How to Choose Queue Type - QoS [ENG SUB]

Mikrotik Indonesia - Citraweb

8 Apr 201921:29

Summary

TLDRIn this detailed Mikrotik tutorial, the instructor explains the various queue types used in bandwidth management within RouterOS. It covers key concepts of Shaping and Scheduling, with a focus on different queue types like HTB, PCQ, FIFO, RED, SFQ, and their practical applications. Each type is broken down into its function, ideal use cases, and benefits, helping users make informed decisions based on their network's needs and hardware capabilities. Whether managing simple or complex traffic, this guide helps users select the most suitable queue type for optimal QoS performance.

Takeaways

😀 Queue Types in Mikrotik are essential for configuring Quality of Service (QoS) and optimizing network performance.
😀 Two key processes in QoS: Shaper (limits bandwidth) and Scheduler (manages packet queuing).
😀 Shapers like HTB (Hierarchical Token Bucket) and PCQ (Per Connection Queue) help manage bandwidth usage effectively.
😀 Schedulers like FIFO, RED, SFQ, and PCQ are used to determine how packets are queued and processed by the router.
😀 FIFO is the simplest scheduler, requiring the least resources and is suitable for low-traffic networks.
😀 RED (Random Early Detection) works by randomly dropping or forwarding packets based on a threshold, making it ideal for TCP traffic.
😀 SFQ (Stochastic Fairness Queuing) balances traffic by creating sub-queues and using round-robin scheduling, suitable for environments with multiple connections.
😀 PCQ is a combination of both a Shaper and Scheduler, dividing bandwidth evenly across clients or connections and offering a fair distribution of resources.
😀 PCQ can be customized with classifiers like source or destination address, offering flexibility in bandwidth distribution.
😀 For effective traffic management, selecting the right Queue Type based on hardware capabilities and network conditions is crucial.

Q & A

What is the primary purpose of choosing queue types in Mikrotik?
-Queue types in Mikrotik are used to manage and prioritize traffic effectively in a network, which is crucial for configuring Quality of Service (QoS).
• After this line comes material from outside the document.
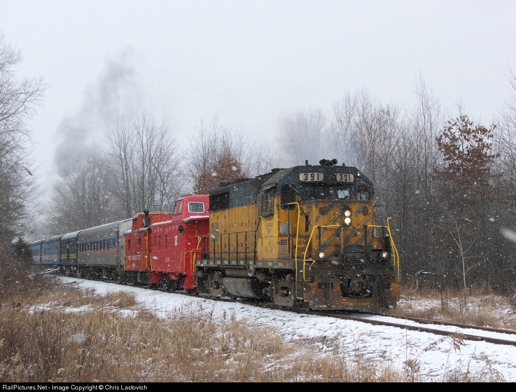 | TSBY was kind enough to offer up one of their own units to two the trainset back South to Owosso instead of PM 1225 shoving all the way home. Here we see TSBY 391 charging through a brief snow storm headed for Owosso. |
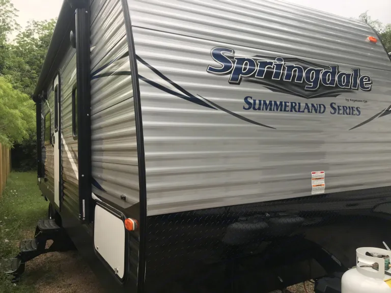 The Springdale Summerland offers a variety of amenities such as ample cabinet space, queen size bed that is private from the rest of the camper, folding dinette seating four which converts into a bed, leather couch that also converts into a bed, two large bunk beds (300 lb weight limit) stove, range, microwave, large refrigerator, separate bathroom sink, and shower.This campers dry weight (without cargo) is 4,790 lbs and would require a vehicle such as; Toyota Sequoia or equivalent large SUV, 1/2 ton truck or larger like an Ford F-150. The vehicle must have a towing capacity of at least 6,000 lbs and have a Reese type hitch and light kit installed (7 pin preferred) though we have adapters. We supply the receiver and weight distribution kits as well as the break control unit.Pickup Times ARE BY 9AM BUT CAN BE Flexible With Prior Arrangements! Drop OFF Times ARE Prior TO 9PM DAY OF Return Unless Later Times ARE Arranged.

They help control bandwidth usage, avoid congestion, and ensure fair distribution of resources.
What are the two main processes involved in QoS, and what are their roles?
-The two main processes in QoS are Shaping and Scheduling. Shaping is responsible for controlling bandwidth usage, while Scheduling determines how packets are queued and processed when traffic exceeds bandwidth limits.
What is the difference between Shaping and Scheduling in QoS?
-Shaping limits the amount of bandwidth allowed, effectively controlling how much data can pass through at once. Scheduling, on the other hand, determines the order and method by which packets are queued when traffic exceeds the set bandwidth limit.
What is HTB (Hierarchical Token Bucket), and how does it function?
-HTB is a Shaping method used to limit bandwidth. It allocates bandwidth in a hierarchical manner, ensuring that bandwidth usage remains within the specified limits, thereby avoiding congestion.
What are the differences between PFIFO, BFIFO, and MQ-FIFO in the FIFO scheduling method?
-PFIFO queues packets based on the number of packets, BFIFO queues packets based on the size of the packet in bytes, and MQ-FIFO is designed for multi-core processors, creating multiple queues compatible with the router's cores.
How does RED (Random Early Detection) work in packet scheduling?
-RED works by randomly dropping packets when the traffic exceeds a certain threshold. It uses a minimum and maximum threshold to decide which packets to forward and which to drop. It's ideal for TCP traffic but not recommended for UDP-based applications like online games.
What is the advantage of using SFQ (Stochastic Fairness Queuing) for traffic management?
-SFQ balances traffic by dividing it into sub-queues based on various parameters like source and destination IPs. It uses round-robin scheduling to ensure fair distribution of resources, making it ideal for environments with multiple connections.
Why might SFQ struggle with applications that open many connections, such as torrents?
-SFQ can run into problems with applications that open many connections because it limits the number of sub-queues to 1024. If too many connections are made, some packets may not get allocated to a sub-queue, causing slower performance.
What is the significance of the PCQ (Per Connection Queue) scheduler, and how does it differ from SFQ?
-PCQ combines both shaper and scheduler functions, allowing bandwidth to be distributed evenly among connections. Unlike SFQ, PCQ does not have a fixed limit on sub-queues and allows the classification of traffic based on parameters like source or destination IP addresses.
How can you configure PCQ to distribute bandwidth among multiple clients in Mikrotik?
-PCQ can be configured by setting classifiers such as source or destination IP addresses. This ensures that bandwidth is distributed evenly across multiple clients, with each client receiving a fair share of the available bandwidth based on their IP address.